I've participated in several different code golfing sites/fora, typically with automated scoring. The major drawback is that you can't share your solution with anyone. I was a bit hesitant at first, but I've come to enjoy the Q&A format, particularly because you can share with everyone. I might be a bit long-winded regarding implementation details, but this is exactly what I like to see in other posts. I routinely vote up other solutions in the same thread, if they make me think about the problem in a new way.
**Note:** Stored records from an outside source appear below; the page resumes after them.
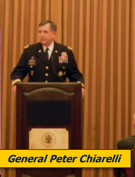
General Peter Chiarelli
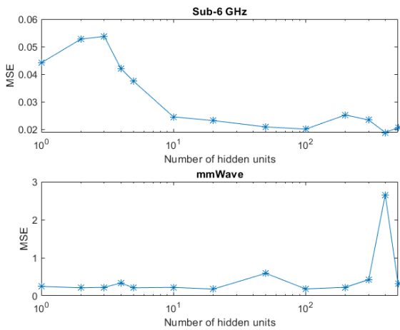
Fig. 2. The MSE for various number of LSTM hidden layers; network is same as for 1 and; features - mmWave: 5, features - sub-6 GHz: 10.

The MSE decreases when the number of hidden units grows over three (Fig. 2, top). The best result is achieved for 400 hidden units (0.0189). The MSE for one hidden unit is 0.0441. The second achieved result is for 100 hidden units (0.0202). It shall be considered that the training time increases while increasing the number of hidden units and the maximum is set to 500.
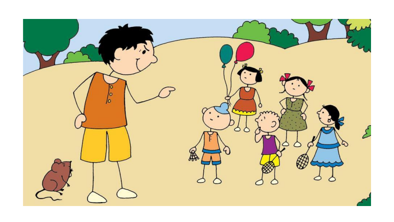
कुछ दोस्त छोटे हैं।
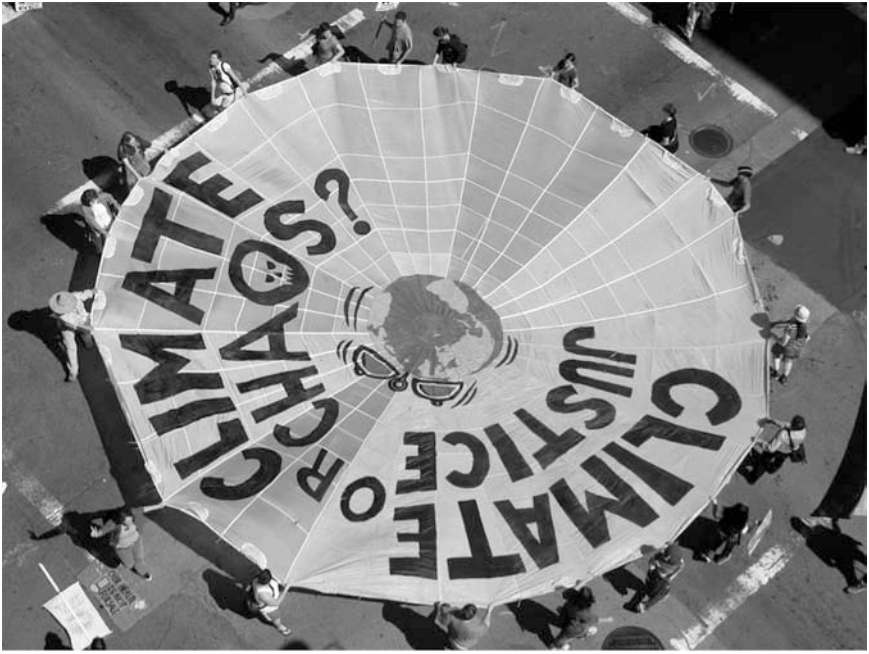
Figure 7: “Climate Justice or Chaos?”

campaign associated with the Live Earth concerts and its accompanying Global Warming Survival Guide —indigenous activists have recoded survival as a biopolitical rights-claim that seeks redress for the uneven allocation of climate-related vulnerability along already-existing lines of marginality and disenfranchisement. 17 As Banerjee himself puts it during a presentation of his work with Gwich’in activist Sarah James at Klimaforum09, “climate change is a great human rights issue ... right to survival is one of the first rights people should have—access to their food, access to their water—and that’s being seriously threatened up in the Arctic” (Interview with Amy Goodman). The right to survival invoked by Banerjee is irreducible to a question of sheer material resources, for the latter—hunting for instance—are themselves inscribed in specific cultural repertoires, technical practices, and ecological knowledges that make up a kind of ethnomnemonic archive that is itself threatened by climate-related displacements such as that with which Shishmaref is currently undergoing (Sutter). Thus a certain survival of historical memory is inextricable from the survival of living beings. However, historical memory is not only a matter of a cultural tradition in the limited sense; it is also a kind of bear-
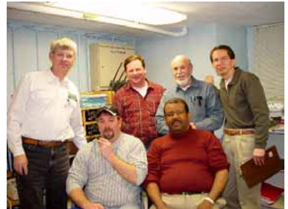
The Taunton Crew
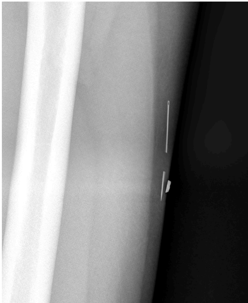
Figure 2. Lateral radiograph of the left thigh. Lead marker over skin where the foreign body was detected by palpation

If I thought I were discouraging other users from posting, I would stop. –  primo Dec 19 '12 at 18:54
    
Not at all, I'm learning a lot from your answers. My comment was meant to be humorous and praising. You always approach the questions in ways I might never have considered. TBH, I actually look for your answers because I know they'll be great resources, and kind of get crestfallen when I can't find them. I'm still trying to work out your Pokemon solution in PHP, for example. As a PHP hobbyist turning pro, I find your "long-winded" explanations invaluable. –  jdstankosky Dec 19 '12 at 19:02
    
I've received similar comments from users who weren't kidding (although not here (yet)), so I wasn't sure. If you're an IRC user, might I suggest #phpgolf on the FreeNode network. I think you'll find you're in good company. –  primo Dec 19 '12 at 19:18

Mathematica 73 65 85

Edit:

s = {}; n = 1; While[n < 50, s = Join[s, IntegerDigits[n, 2]]; 
Print[N[FromDigits[{s, 0}, 2], n]]; n++]

Explanation:

s holds the base-2 digits of 1, 2, 3,...n, as a list of digits, {1,1,0,1,1,1,0,0,...}. Then FromDigits inserts the decimal point (with the 2 indicating the position), treating the input as a base-2 decimal and generating a base-10 decimal as output.


Using the built-in function: 51 chars

n=1;While[True,Print@N[ChampernowneNumber@2,n];n++]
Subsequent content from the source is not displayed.